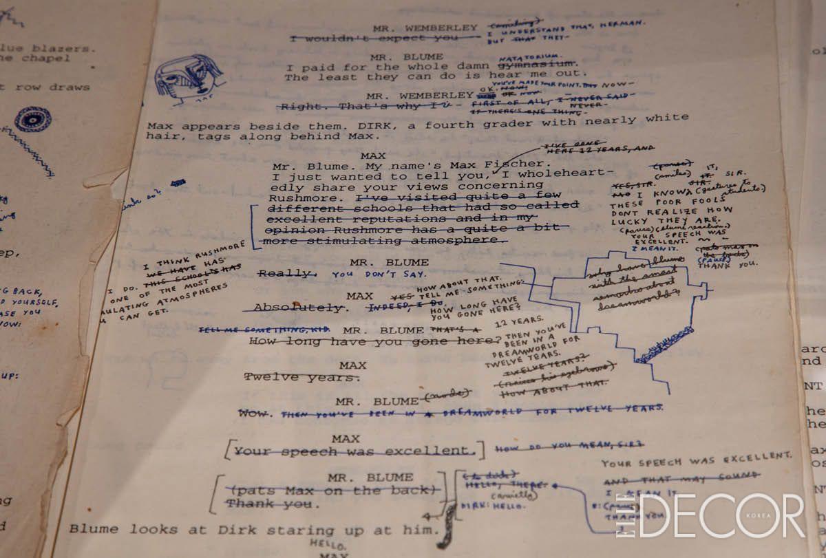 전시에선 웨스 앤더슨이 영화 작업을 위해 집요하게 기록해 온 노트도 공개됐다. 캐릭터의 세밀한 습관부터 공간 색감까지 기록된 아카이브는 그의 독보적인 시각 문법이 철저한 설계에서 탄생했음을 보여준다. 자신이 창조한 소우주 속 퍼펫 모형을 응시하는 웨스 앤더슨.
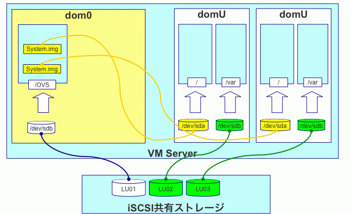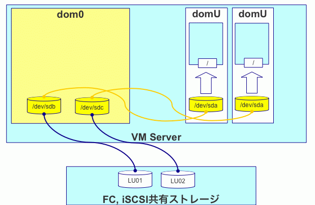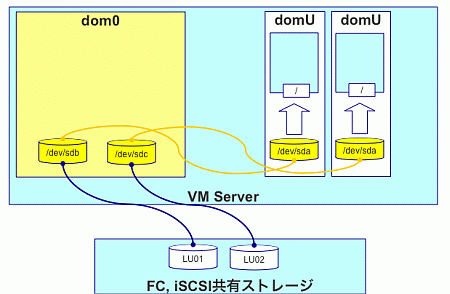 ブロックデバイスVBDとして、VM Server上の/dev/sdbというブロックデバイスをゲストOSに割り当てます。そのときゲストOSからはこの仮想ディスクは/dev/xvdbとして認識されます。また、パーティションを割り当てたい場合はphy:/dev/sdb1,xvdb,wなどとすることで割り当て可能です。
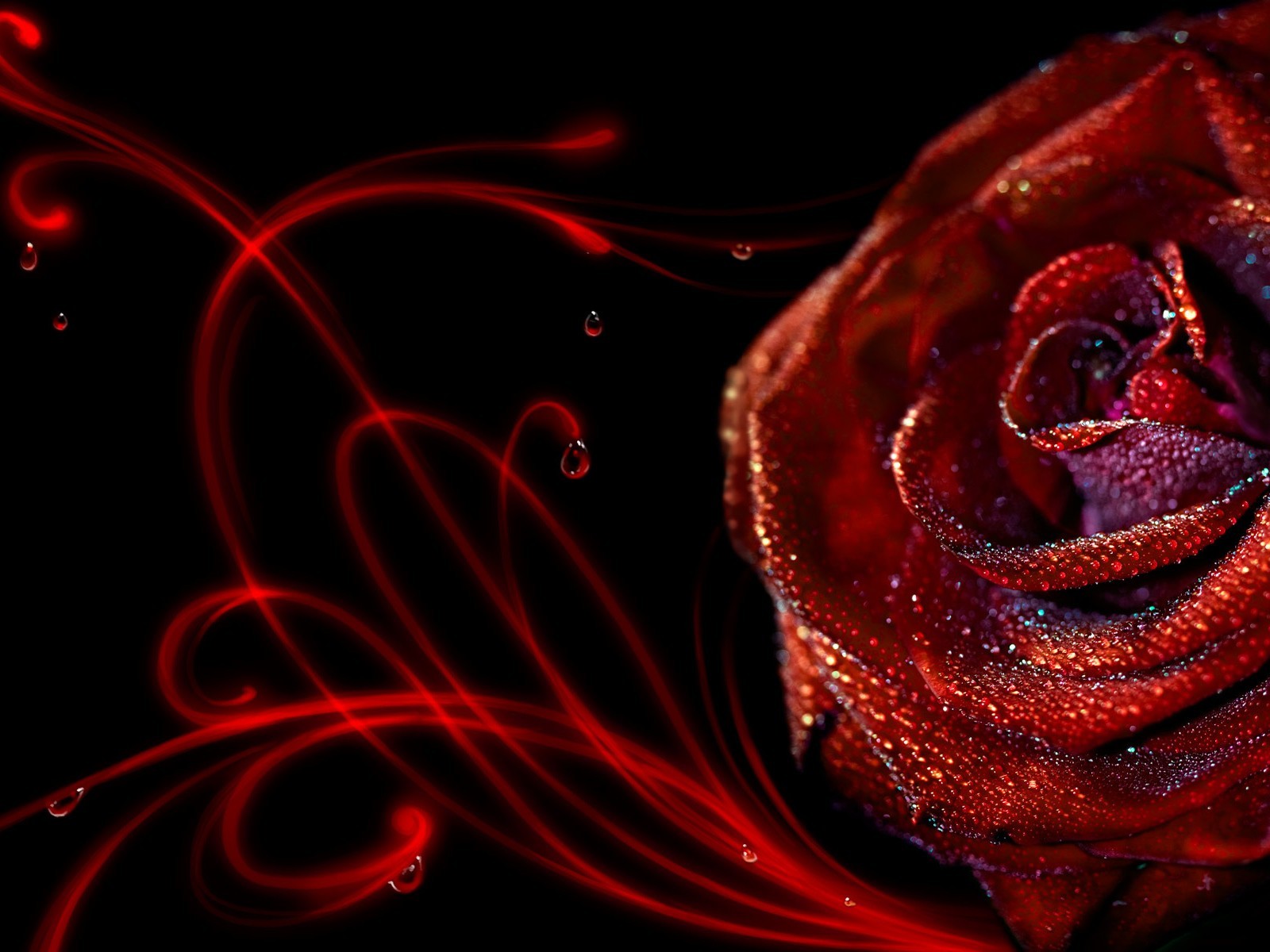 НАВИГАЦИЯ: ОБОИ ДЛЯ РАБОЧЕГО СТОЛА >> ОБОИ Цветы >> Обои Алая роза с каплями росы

_How to complete this task:_ Copy the whole listing above word for word but do not carry over the pictures.

_Written solution:_
 전시에선 웨스 앤더슨이 영화 작업을 위해 집요하게 기록해 온 노트도 공개됐다. 캐릭터의 세밀한 습관부터 공간 색감까지 기록된 아카이브는 그의 독보적인 시각 문법이 철저한 설계에서 탄생했음을 보여준다. 자신이 창조한 소우주 속 퍼펫 모형을 응시하는 웨스 앤더슨.
 ブロックデバイスVBDとして、VM Server上の/dev/sdbというブロックデバイスをゲストOSに割り当てます。そのときゲストOSからはこの仮想ディスクは/dev/xvdbとして認識されます。また、パーティションを割り当てたい場合はphy:/dev/sdb1,xvdb,wなどとすることで割り当て可能です。
 НАВИГАЦИЯ: ОБОИ ДЛЯ РАБОЧЕГО СТОЛА >> ОБОИ Цветы >> Обои Алая роза с каплями росы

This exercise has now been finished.